The honest question for any team considering real-time infrastructure is whether the specific use cases they are trying to serve actually require latency below what high-frequency batch can provide. In most cases the answer is no. In the cases where the answer is yes, the streaming investment is justified. In the cases where the answer is no, micro-batch is almost always the right choice.

Asking the Right Question

The real-time conversation in data engineering is usually framed around capability: can we do real-time? The more useful question is different: does our business make decisions that require real-time data, and are those decisions important enough to justify the cost of producing it?

Answering that question honestly requires talking to the people who will consume the data. It requires understanding not just what data they want but how they actually use it — how often they look at dashboards, how quickly they can act on new information, and what decisions they make on what time horizons. Those conversations frequently reveal that the appetite for real-time data is more modest than the executive mandate suggested, and that the genuine need is for data that is fresher and more reliable than what currently exists — not necessarily data that arrives in milliseconds.

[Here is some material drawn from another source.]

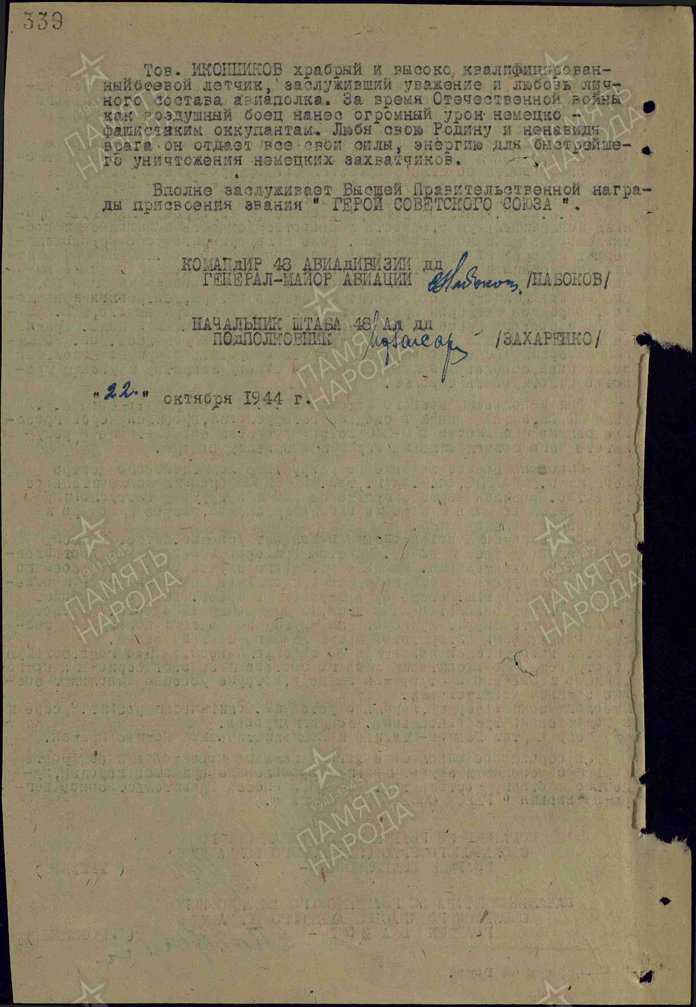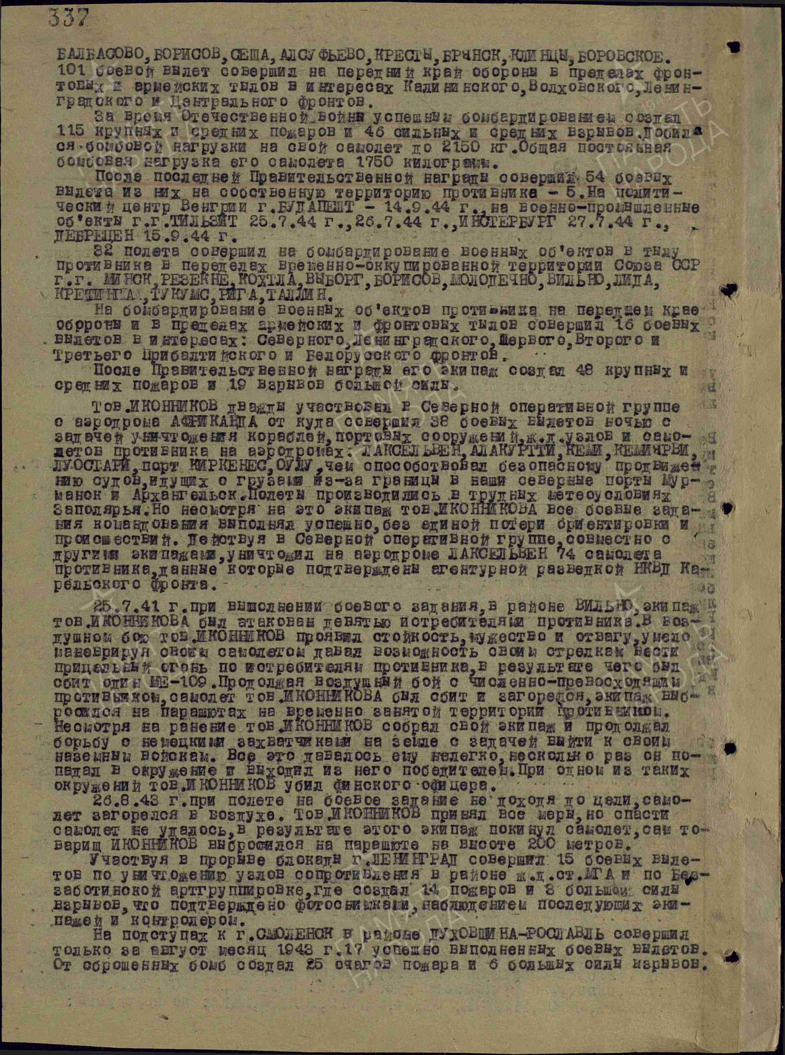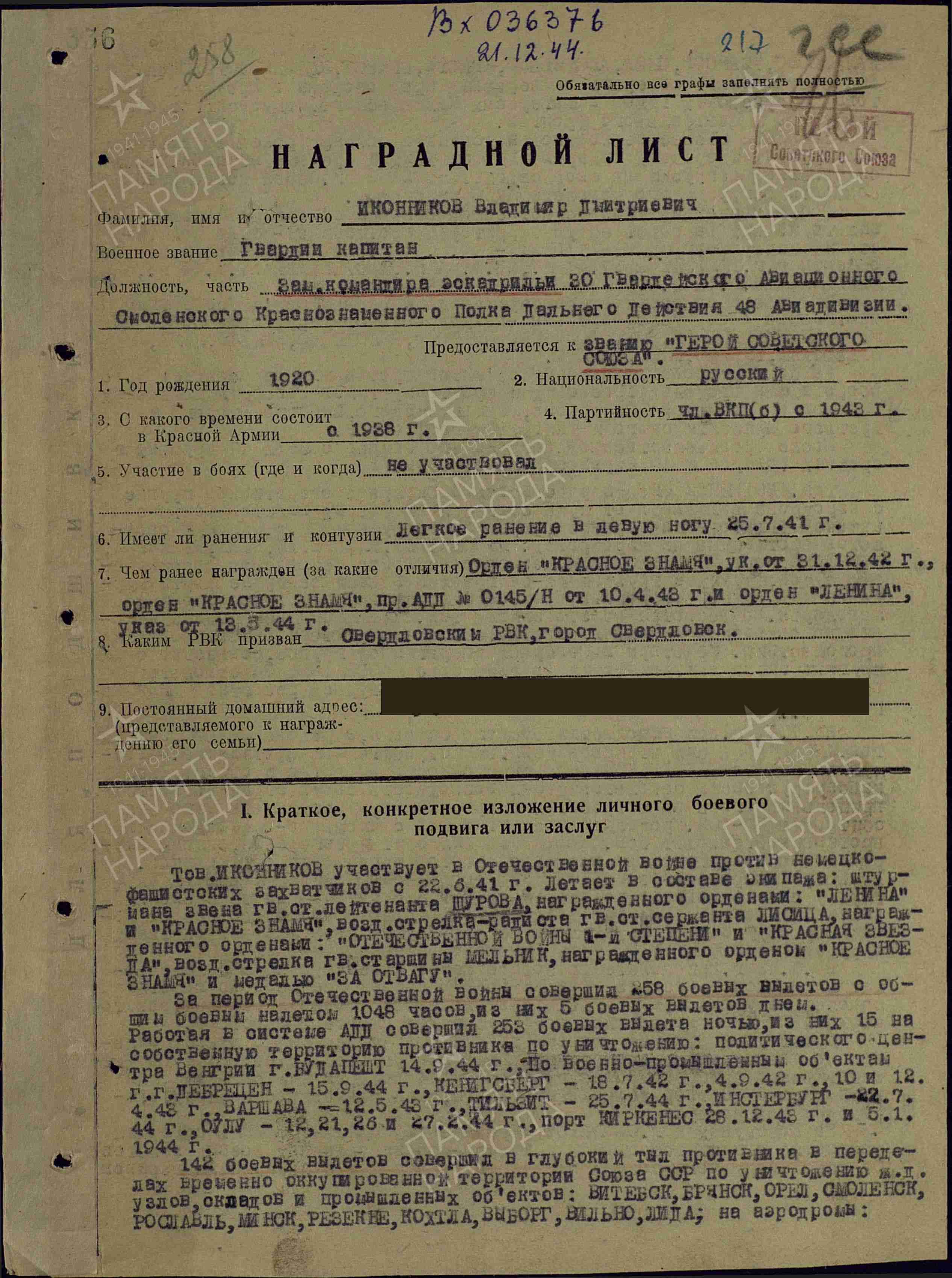 Заместитель командира эскадрильи 30-го гвардейского дальнебомбардировочного авиаполка гвардии капитан Иконников к октябрю 1944 года совершил 258 боевых вылетов, из них 253 – ночью, на бомбардировку военно-промышленных объектов в глубоком тылу противника. Бомбардировал военные объекты противника в городах: Кёнигсберг, Инстербург, Тильзит, Киркенес, Луостари, Дебрецен, Варшава, Оулу, Будапешт - на территории врага; а также: Ржев, Щигры, Брянск, Орёл, Сеща, Рославль, Смоленск, Витебск, Выборг, Борисов, Минск, Молодечно, Лида, Вильнюс, Рига, Тукумс, Таллинн, Алакуртти, – на временно оккупированной территории СССР. Уничтожил много боевой техники и живой силы противника.

Real-time data is a powerful capability. It is also one of the most expensive and complex capabilities in the modern data stack. The teams that deploy it wisely — in genuine service of business outcomes that require it — get enormous value from it. The teams that deploy it because it seems like the right direction are building impressive infrastructure on top of a requirement that was never clearly established.

The hype is real. The use cases are narrower than the hype suggests. Know which one you are actually in.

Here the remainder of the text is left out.